━━━ Data below ━━━

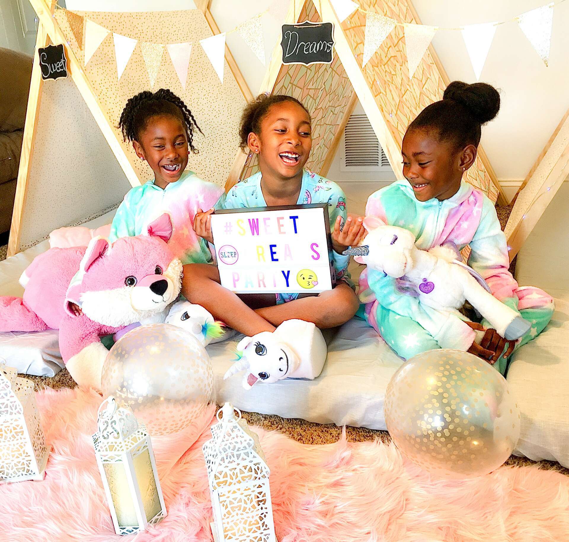 My name is Raylicia Young I am a mother of three beautiful girls and I started this business after getting laid off from my job at a local college. I began my journey back in 2017, I loved Pinterest at the time and would create cute little mood boards. From my future wedding down to my wardrobe. I had randomly came across this business in Australia and these adorable little sleepover tents. I thought it was so creative and I wanted to do one for my little girls! I searched all over and couldn’t find anything in the U.S. from my google search about them! I knew I wanted to do something outside of working a 9 to 5 and I was on a huge hunt to figure out what worked best for me. I decided to go for it! I planned for months and waited until my severance pay came in and decided to use the money for my inventory! I started sewing my fabrics and building my tents and eventually came up with this super awesome sleepover set up! I used my girls as little models and everyone loved it! I slowly began to advertise for $15 a week and I was shocked by the number of people who were interested in learning more and booking with me! We were able to give customers a new way to plan their parties. Our parties are already pre-designed, so it really takes the guesswork out of trying to create the perfect party for your guests! We offer all of the bells and whistles from our sleepover set ups to even our services that we offer locally such as our Outdoor Belle Tents and Luxury Picnic Services. We have grown so much over the years thanks to our customers and we are beyond excited to take it up a notch and take it to the next level! We are extremely proud of our growth with not only the services we offer and how we evolved in our branding, but also in how creative we have gotten with our party set ups!
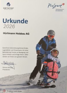 Mit grosser Freude unterstützt Hürlimann Holzbau AG PluSport auch im Jahr 2026
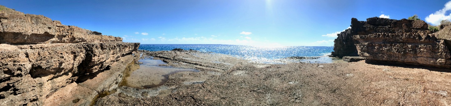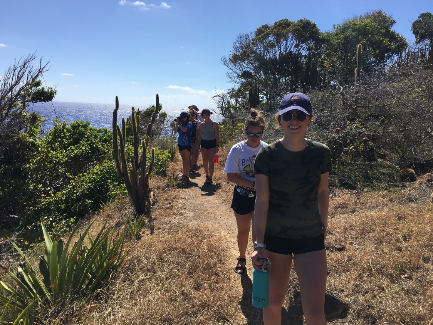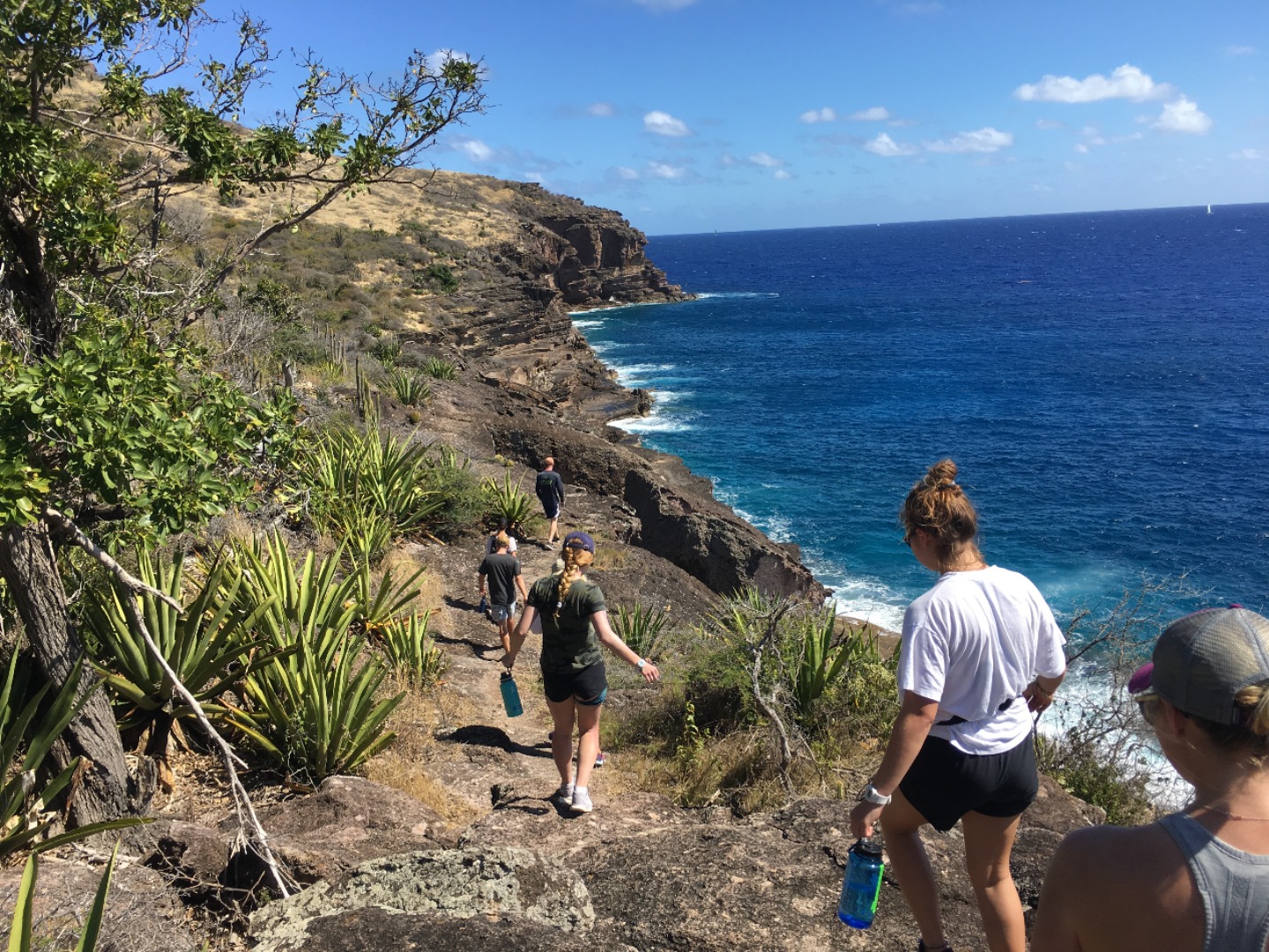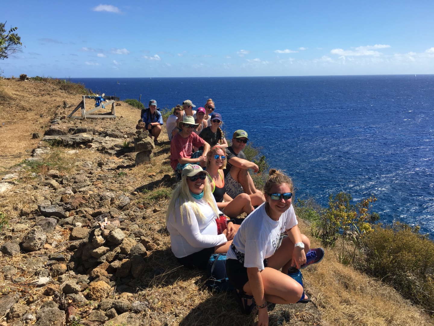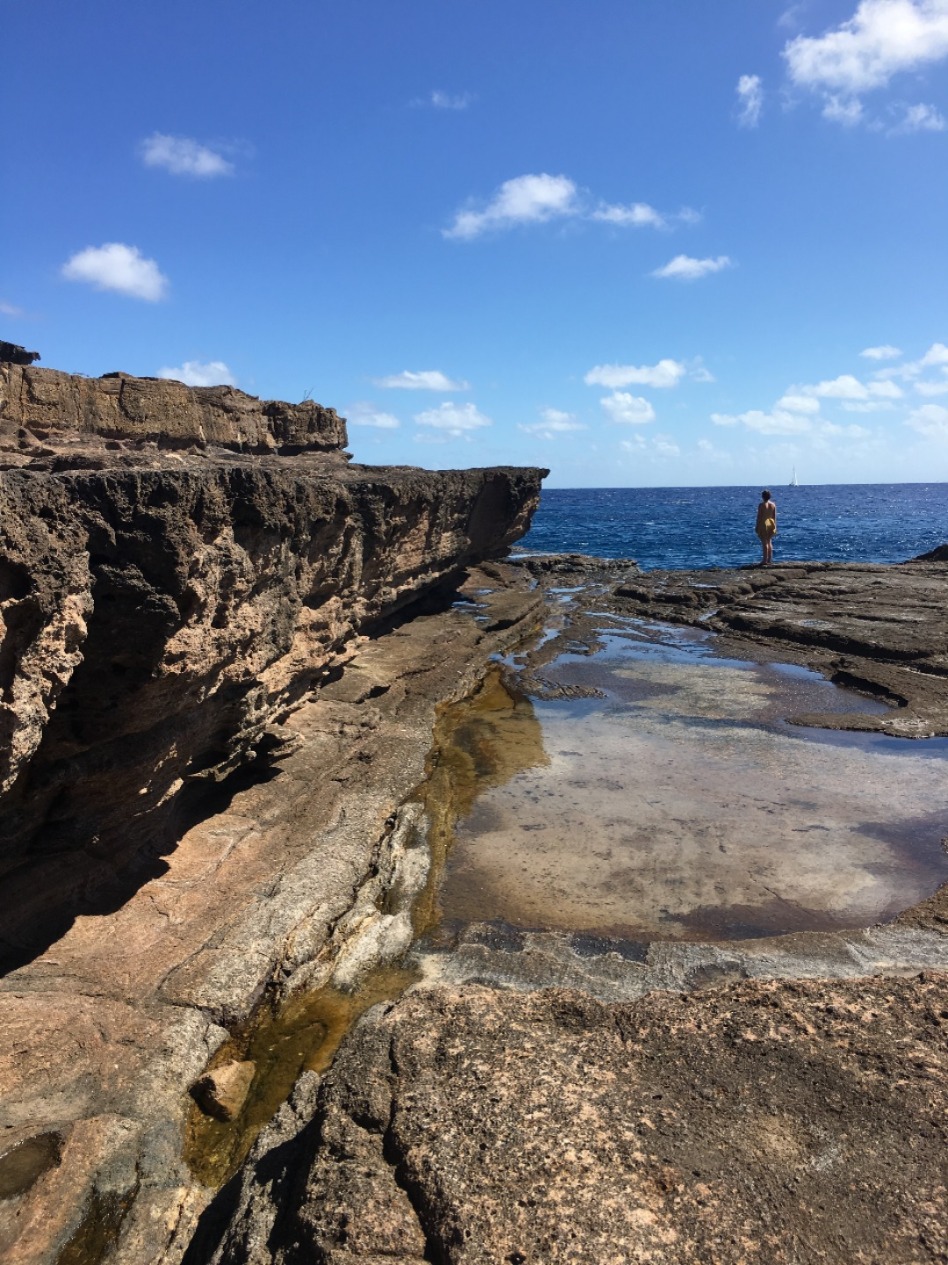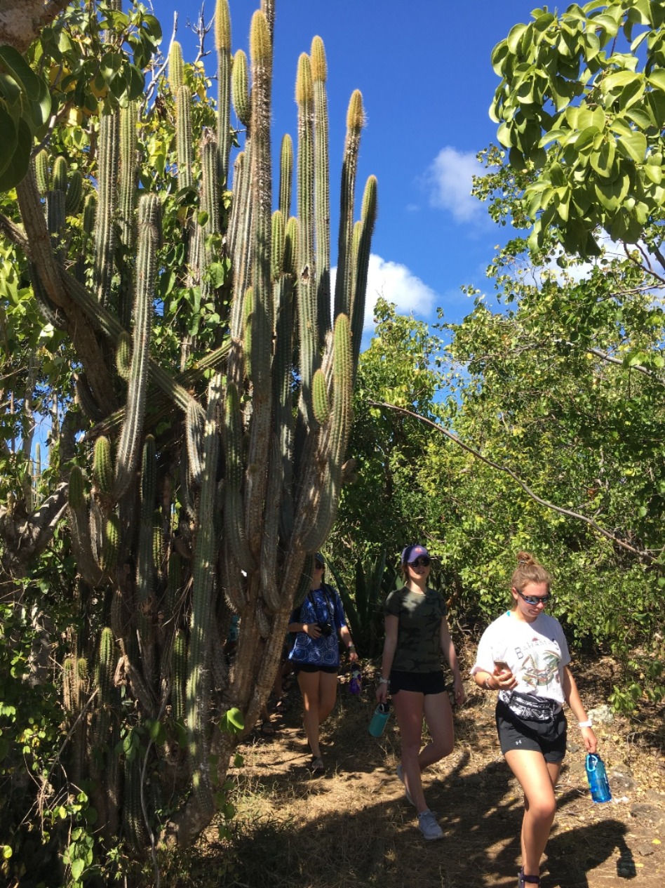 Once the divers returned, we all reconvened for lunch, baked potatoes with butter, cheese, beans, corn, and pineapple? Yeah, I thought it was strange, too, but it was a truly wonderful experience. 12/10 would recommend it to a friend. With the sun reaching its most intense temperature of the day, we decided to venture down the island via Irv, one of our trusty dinghies, for a completely unshaded hike up towards the pillars of Hercules. While on our hike, we were able to explore some small but lively tide pools. Within seconds Steph gleamed with excitement as she spotted the first rather large crab, and later, Matty spotted another. He screamed. Both Steve and Steph taught me about the coral we found and the other organisms in the pools. Fun fact; if a piece of coral is broken off, it can be reattached to any other coral reef, and with a bit of time, it will heal itself and grow an entirely new reef.

━━━

Starting from the line that contains "Mit grosser Freude", transcribe exactly each line down to the final line of the material above, excluding every picture and adding nothing else.

Exercise output.
 Mit grosser Freude unterstützt Hürlimann Holzbau AG PluSport auch im Jahr 2026
 Once the divers returned, we all reconvened for lunch, baked potatoes with butter, cheese, beans, corn, and pineapple? Yeah, I thought it was strange, too, but it was a truly wonderful experience. 12/10 would recommend it to a friend. With the sun reaching its most intense temperature of the day, we decided to venture down the island via Irv, one of our trusty dinghies, for a completely unshaded hike up towards the pillars of Hercules. While on our hike, we were able to explore some small but lively tide pools. Within seconds Steph gleamed with excitement as she spotted the first rather large crab, and later, Matty spotted another. He screamed. Both Steve and Steph taught me about the coral we found and the other organisms in the pools. Fun fact; if a piece of coral is broken off, it can be reattached to any other coral reef, and with a bit of time, it will heal itself and grow an entirely new reef.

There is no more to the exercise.